Prior to Western assimilation, the Kumeyaay were organized into bands or clans called sibs or shiimull, which were grounded in family lineages with each sib home for 5 to 15 families. Each sib had their own territory and had the right to enforce land property rights in punishing thieves and trespassers. However, Kumeyaay did recognize the right to water and were also obligated to share food with visitors.

The Kumeyaay had a patriarchal society where the position of chief, or Kwaapaay, was inherited from the father to son, although widows were sometimes permitted to assume the position.

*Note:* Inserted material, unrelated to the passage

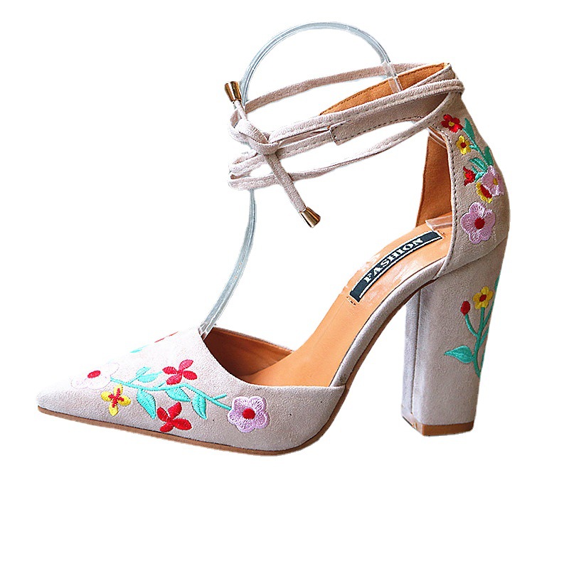 Juti в наличии Европейская и американская внешняя торговля вышитые матовые толстые каблуки женские сандалии Внешняя торговля плюс размер 35-43 женские туфли на высоком каблуке

It was the Kwaapaay's role to protect traditions, hold ceremonies, and resolve disputes and was responsible for political, religious, and economic activities of the sib. Future Kwaapaays were often selected by a Kwaapaay of another with no family relations to ensure impartiality.

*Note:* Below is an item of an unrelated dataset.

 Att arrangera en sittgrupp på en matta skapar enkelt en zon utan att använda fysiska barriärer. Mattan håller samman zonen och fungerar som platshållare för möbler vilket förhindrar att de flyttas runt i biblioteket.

Kwaapaays were also accompanied by assistants and had a council of Kuseyaays. Kuseyaays were made up of male or female priests, doctors, and other specialists in the fields of health, ecology, resource management, tradition, and religion. Kuseyaays could be called by the kwaapaay to provide information or to make decisions for the sib's welfare. Each family in the sib was allowed to follow and participate in the decision making, or could leave the sib and pursue their own decision.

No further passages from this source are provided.